** Opening DATASET EXTRACT block **

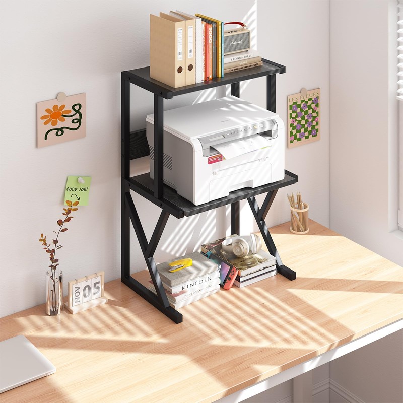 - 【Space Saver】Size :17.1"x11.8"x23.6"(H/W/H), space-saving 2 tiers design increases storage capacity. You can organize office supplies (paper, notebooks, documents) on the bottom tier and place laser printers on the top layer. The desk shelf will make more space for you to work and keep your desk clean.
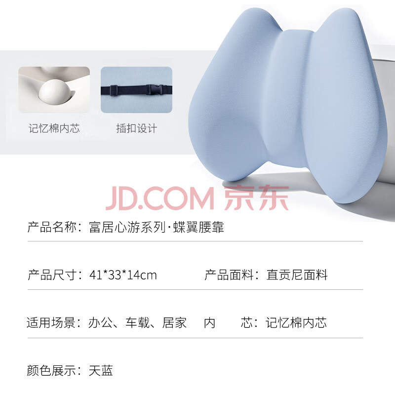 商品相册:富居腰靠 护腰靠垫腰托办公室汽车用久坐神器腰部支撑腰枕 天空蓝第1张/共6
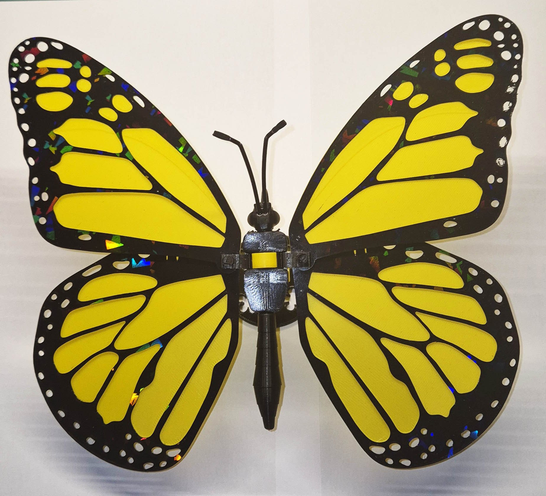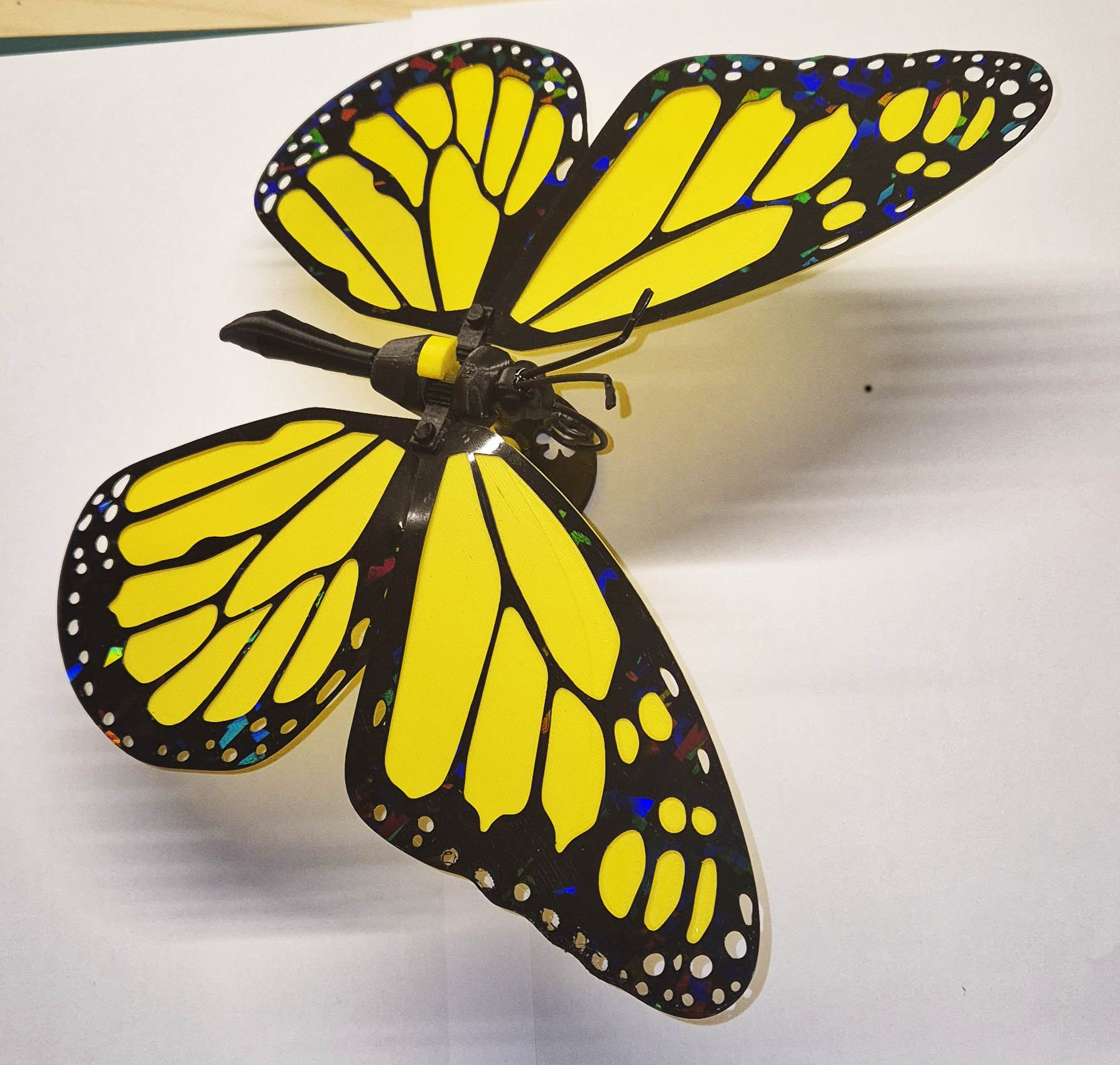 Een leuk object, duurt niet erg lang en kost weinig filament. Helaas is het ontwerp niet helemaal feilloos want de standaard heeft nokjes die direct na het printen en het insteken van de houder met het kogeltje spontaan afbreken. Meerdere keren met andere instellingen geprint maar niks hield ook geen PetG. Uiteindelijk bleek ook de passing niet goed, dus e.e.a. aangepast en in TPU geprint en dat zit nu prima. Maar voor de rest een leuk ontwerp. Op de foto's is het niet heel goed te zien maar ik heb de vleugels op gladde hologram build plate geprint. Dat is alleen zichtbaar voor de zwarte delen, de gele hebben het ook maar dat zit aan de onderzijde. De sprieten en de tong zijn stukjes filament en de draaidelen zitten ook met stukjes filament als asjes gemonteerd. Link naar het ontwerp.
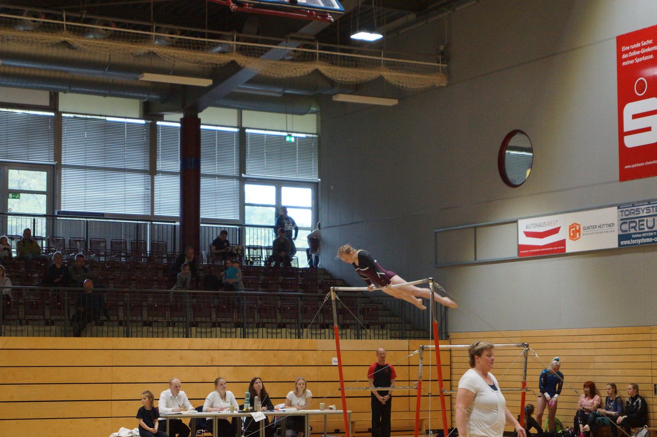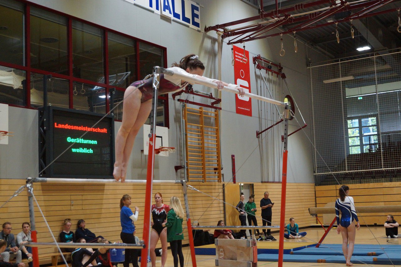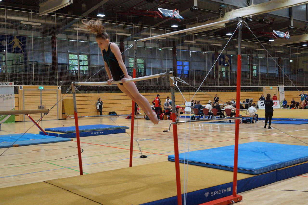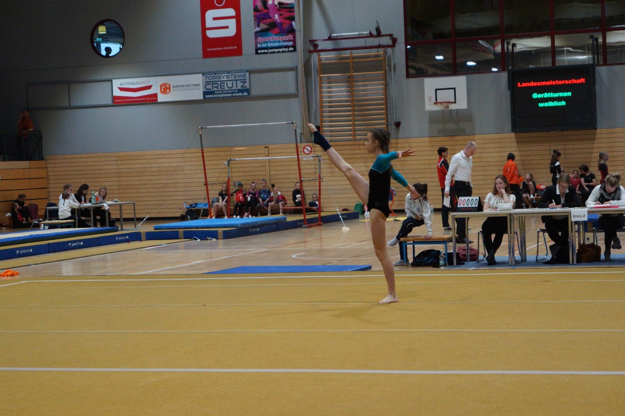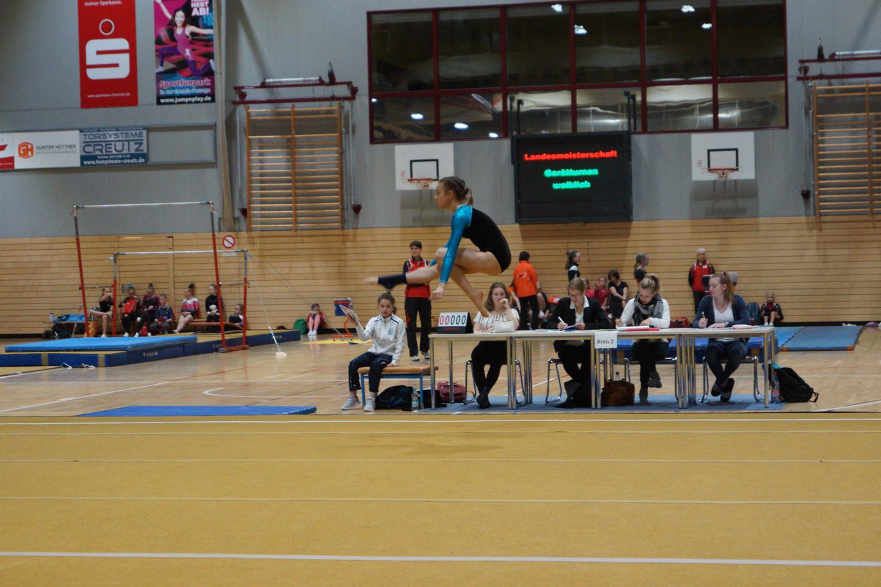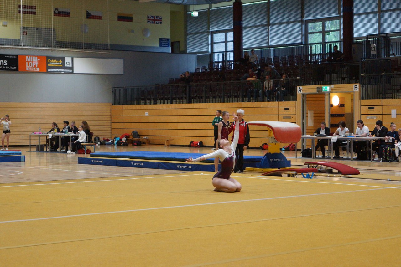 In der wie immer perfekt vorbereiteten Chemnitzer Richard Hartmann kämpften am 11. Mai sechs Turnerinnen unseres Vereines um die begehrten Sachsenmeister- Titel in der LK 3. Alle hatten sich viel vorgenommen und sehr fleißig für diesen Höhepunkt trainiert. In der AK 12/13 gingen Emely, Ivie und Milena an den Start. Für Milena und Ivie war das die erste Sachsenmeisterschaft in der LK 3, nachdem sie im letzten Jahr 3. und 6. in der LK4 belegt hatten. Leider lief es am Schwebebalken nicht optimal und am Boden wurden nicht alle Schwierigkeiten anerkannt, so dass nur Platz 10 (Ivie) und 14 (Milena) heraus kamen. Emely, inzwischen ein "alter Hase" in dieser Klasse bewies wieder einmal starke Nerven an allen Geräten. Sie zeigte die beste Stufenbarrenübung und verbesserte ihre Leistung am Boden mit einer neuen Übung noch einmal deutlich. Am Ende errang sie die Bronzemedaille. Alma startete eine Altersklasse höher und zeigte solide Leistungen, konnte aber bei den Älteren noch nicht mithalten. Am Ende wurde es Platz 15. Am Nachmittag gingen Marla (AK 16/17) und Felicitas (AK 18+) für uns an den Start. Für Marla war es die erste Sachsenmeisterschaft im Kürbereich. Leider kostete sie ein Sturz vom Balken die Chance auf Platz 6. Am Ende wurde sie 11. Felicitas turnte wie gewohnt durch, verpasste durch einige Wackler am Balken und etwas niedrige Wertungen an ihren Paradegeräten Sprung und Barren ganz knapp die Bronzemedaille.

** Closing DATASET EXTRACT block **

▶ **WORK TO BE COMPLETED**: In the answer, set down only the lines from the opening line of the listing through the line that holds "Een leuk object, duurt", exactly as they appear, minus the pictures.

▶ **EXERCISE ANSWER**:
 - 【Space Saver】Size :17.1"x11.8"x23.6"(H/W/H), space-saving 2 tiers design increases storage capacity. You can organize office supplies (paper, notebooks, documents) on the bottom tier and place laser printers on the top layer. The desk shelf will make more space for you to work and keep your desk clean.
 商品相册:富居腰靠 护腰靠垫腰托办公室汽车用久坐神器腰部支撑腰枕 天空蓝第1张/共6
 Een leuk object, duurt niet erg lang en kost weinig filament. Helaas is het ontwerp niet helemaal feilloos want de standaard heeft nokjes die direct na het printen en het insteken van de houder met het kogeltje spontaan afbreken. Meerdere keren met andere instellingen geprint maar niks hield ook geen PetG. Uiteindelijk bleek ook de passing niet goed, dus e.e.a. aangepast en in TPU geprint en dat zit nu prima. Maar voor de rest een leuk ontwerp. Op de foto's is het niet heel goed te zien maar ik heb de vleugels op gladde hologram build plate geprint. Dat is alleen zichtbaar voor de zwarte delen, de gele hebben het ook maar dat zit aan de onderzijde. De sprieten en de tong zijn stukjes filament en de draaidelen zitten ook met stukjes filament als asjes gemonteerd. Link naar het ontwerp.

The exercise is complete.